Irish Brigade

The story of the 38th (Irish) Brigade in the Second World War

Faugh a Ballagh        Nec Aspera Terrent         Quis Separabit


First Attack on San Salvo

 27th/28th October.


The Brigade was ordered to take San Salvo by night attack on 27th/28th October.

Information about the enemy indicated that he was not holding the position in great strength but it was not very convincing information: mostly based on patrols, which in many cases failed to gain contact. The night was very dark and it might be that the enemy was “lying low and saying ’nuffin’.”

However, we did know that he could not be in sufficient strength to compete with two Battalions if things went well.

But things were fated to go badly.

The plan was made:

a) The London Irish to advance on the right of the road and take San Salvo and some high ground on the right.

b) The Faughs to advance on the left of the road and capture a defended feature on left of the town.

The advance to be covered by a heavy barrage.

During the afternoon, there was heavy rain, which made cross country going extremely difficult, and postponement was requested.

This was not granted and the attack went in.

The troops formed up on the taped start line without incident, old hands doing routine work. But the barrage overshot too many MGs; the going was very, very heavy and the Bosche D/F fire – artillery and mortar – was formidable.

Casualties began to mount up.

However, the troops stuck doggedly to their job and progress was made, but it was tough going of the toughest description.

And then fate took a hand. I commence with the Faughs, who had pushed far ahead. An unlucky mortar bomb killed Paddy Proctor and all his Platoon Commanders as they were planning to attack the final ridge.

Dennis Dunn, commanding the other leading Company, was killed by a shell when all his Platoon Commanders had already become casualties.

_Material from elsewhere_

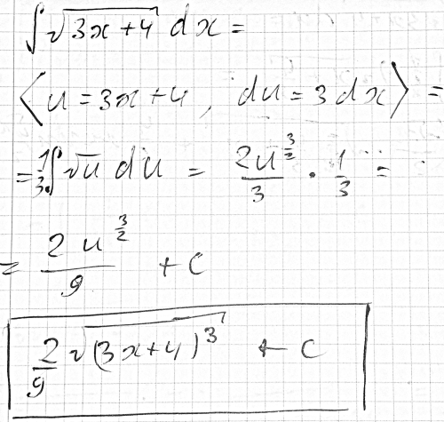 Вычислить интеграл ∫sqrt(3x+4)dx

And finally, Beauchamp Butler, forward as usual encouraging his chaps, was killed by an MG bullet.

A somewhat similar fate had befallen the London Irish, though they had not been able to advance so far. Kevin O’Connor was killed by a shell and they had lost two Company Commanders.

There just were not the leaders to tell the chaps what to do and there can be no successful advance without leaders.

The chaps dug in grimly where they had reached but there was no object in leaving them at half cock between the bridgehead and the San Salvo ridge. It only meant further heavy casualties when daylight came.

They were withdrawn to the bridgehead.

It was sad, bad day for the Irish Brigade.

I would like to wipe it out of my memory for ever – but that cannot be done.

The loss of Beauchamp Butler was a tragedy for the whole Brigade and the Faughs lost one of the best Commanding Officers they have ever had – in peace or war. He was a smallish man gifted with a quiet charm of manner and I never heard him say an unkind word about anyone. But his somewhat deceptive exterior hid an inflexible will and he was a most determined and skilful leader of troops in action. It was heavy hearted party, which saw him laid to rest in the British cemetery at Termoli to the wail of his pipes. May he fare well in that happy valley which must be the last home of all good soldiers.

Kevin O’Connor was another great loss. One of my Staff Officers from ‘Y’ Division, he had been with the London Irish for nine months and was completely fearless.

Paddy Proctor and Dennis Dunn were two senior Company Commander of the Faughs and had proved their worth in many battles. Both were grand leaders and sadly missed.

In addition, the Faughs lost several gallant WOs and Sergeants, amongst them CSM Keir, who had done so well in Sicily.

We had a dusting.

The Skins were sent forward to relieve the Faughs in the bridgehead and the latter were sent back to San Giacomo to rest, refit and reorganise.

I went round to San Giacomo to talk to the chaps. Their reaction to rather a “doing” was very heartening. They seemed to feel “Everybody buys it once and often twice. We’ve never bought it before, so it must have been our turn but – wasn’t it a pity about the wee Colonel – we’ll have to square all that.”

I departed confirmed in the fact that a good Regiment is always a good Regiment – in fair weather or foul.

The thing was to find a CO, who would be worthy of these good chaps.

I was in luck. I managed to get James Dunnill, now recovered from his wounds at Heidous.